Question

You would like to determine if a prospective customer is more likely to purchase a product after viewing a promotional advertisement for that product. You have the following data from the focus group.

Customer	Likely to Purchase	Likely to Purchase After Promotion
A	54	61
B	39	40
C	62	57
D	78	80
E	90	93
F	25	44
G	35	40

Conduct a hypothesis test using a 0.05 level of significance.

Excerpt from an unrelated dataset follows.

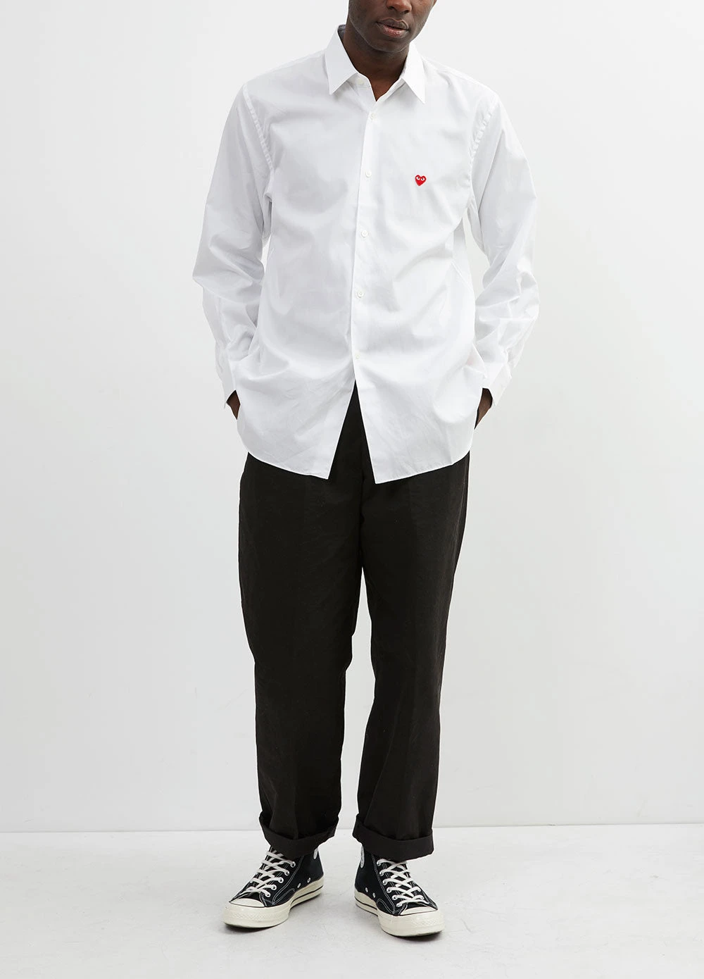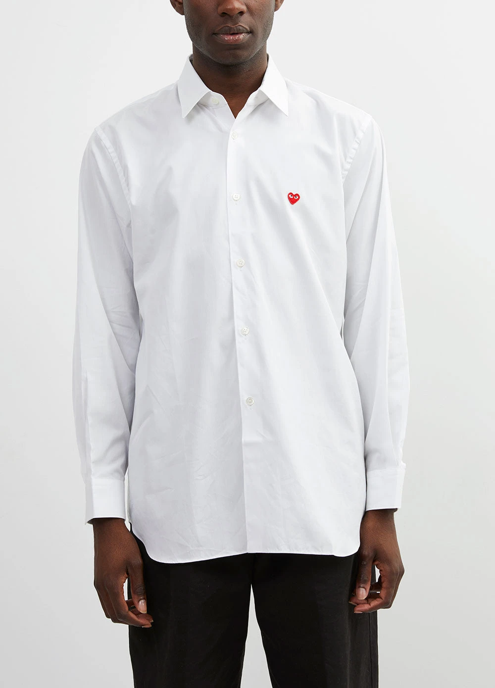 The Comme des Garcons Play B012 Red Emblem Shirt is spun from pure cotton poplin with a for a lightweight feel. The regular fit button-down is featured in a crisp white shade with the brand’s signature heart emblem to the chest for playful finish.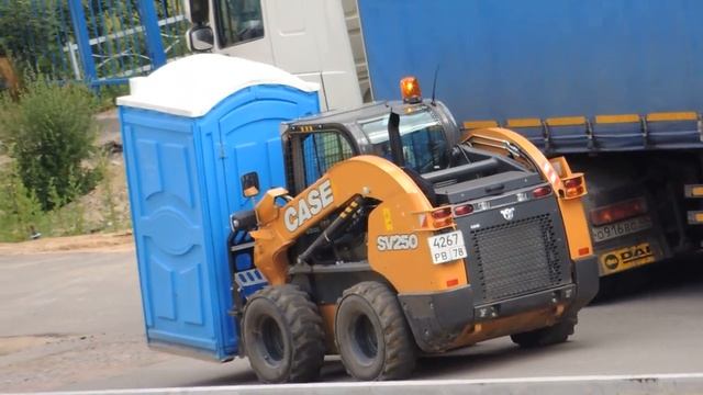 Мини погрузчик перевозит биотуалет

Remember to show your work and indicate your conclusion.

Answer 1

Given that,
null, H0: Ud = 0
alternate, H1: Ud < 0
level of significance, α = 0.05
from standard normal table,left tailed t α/2 =1.943
since our test is left-tailed
reject Ho, if to < -1.943
we use Test Statistic
to= d/ (S/√n)
where
value of S^2 = [ ∑ di^2 – ( ∑ di )^2 / n ] / ( n-1 ) )
d = ( Xi-Yi)/n) = -4.571
We have d = -4.571
pooled variance = calculate value of Sd= √S^2 = sqrt [ 474-(-32^2/7 ] / 6 = 7.39
to = d/ (S/√n) = -1.636
critical Value
the value of |t α| with n-1 = 6 d.f is 1.943
we got |t o| = 1.636 & |t α| =1.943
make Decision
hence Value of |to | < | t α | and here we do not reject Ho
p-value :left tail - Ha : ( p < -1.6364 ) = 0.07644
hence value of p0.05 < 0.07644,here we do not reject Ho
ANSWERS
---------------
null, H0: Ud = 0
alternate, H1: Ud < 0
test statistic: -1.636
critical value: reject Ho, if to < -1.943
decision: Do not Reject Ho
p-value: 0.07644
we do not have enough evidence to support the claim that if a prospective customer is more likely to purchase a product after viewing a promotional advertisement for that product.